L’introspection de notre auteur est différente de celle par exemple de Bennabi qui par l’étude rationnelle du Phénomène coranique en déduit l’authenticité du coran et de l’Islam alors que lui ne cherche qu’à redécouvrir les moyens de l’efficacité sociale, voire sociétale de l’Islam.
Dans cette biographie toute humaine et toujours en comparaison avec Bennabi, il n’arrive pas à distinguer en Mohamed ses deux faces, celle du Prophète tournée vers les hommes et celle du Saint tournée vers Dieu.

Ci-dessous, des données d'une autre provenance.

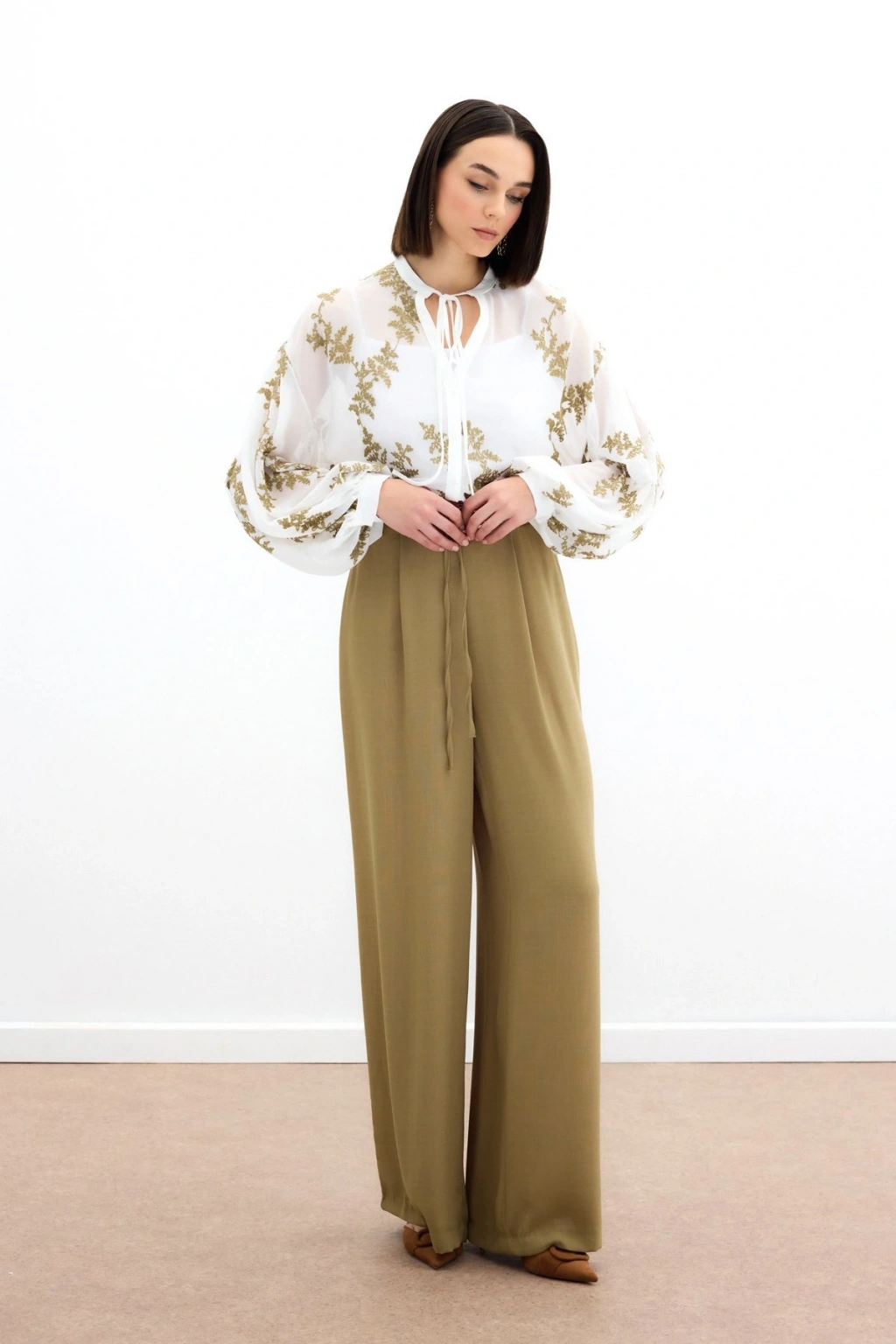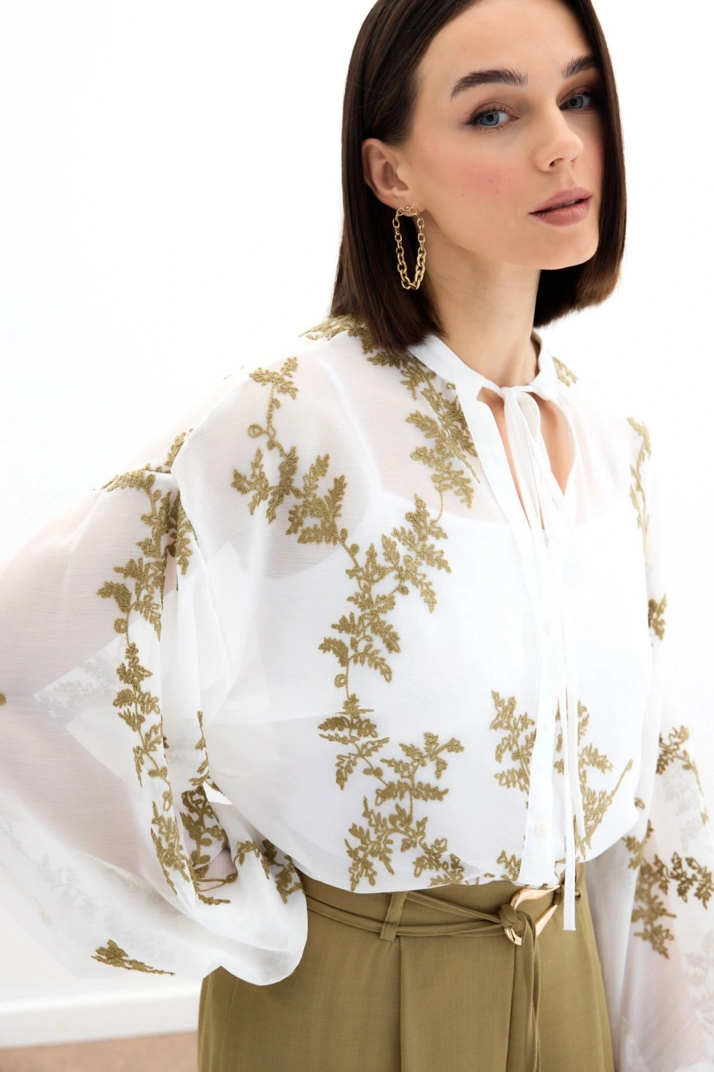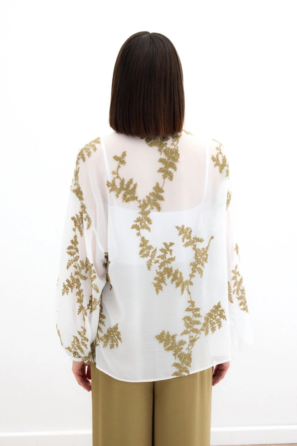 Nakışlı Şifon Gömlek - Haki

La valeur de cet ouvrage réside pour les musulmans de le rappel de leur mission, leur devoir envers tous les hommes, envers l’humanité entière et aussi comme le dit à juste titre le préfacier de « rendre sensible à des lecteurs non musulmans la valeur inestimable du Prophète ».
26 juillet 2009
Abderrahman Benamara
2 commentaires
el misdasya
Quelle crédibilité à accorder aux intellocruels? Les vertus de l’islam ne leur permettent même pas de maîtriser leur rejet inné de la berberite
Tribalisme
La « berbérité » n’est qu’un relent de tribalisme désuet et le’ berbérisme une trahison des idéaux portés par le peuple maghrébin depuis quatorze siècle; Il n’y a aucun cruauté à le constater.
Si certains se complaisent à regarder derrière eux, grand bien leur fasse. C’est une peur panique de l’avenir et ils ne feront rien de bon pour leur société.
C’est dans un grand Idéal qu’une société se forge et maîtrise son destin. Et seul l’islam peut le procurer. Et c’est ce que j’ai compris dans cet article où même un intellectuel non musulman a réussi à apercevoir la grandeur de l’islam.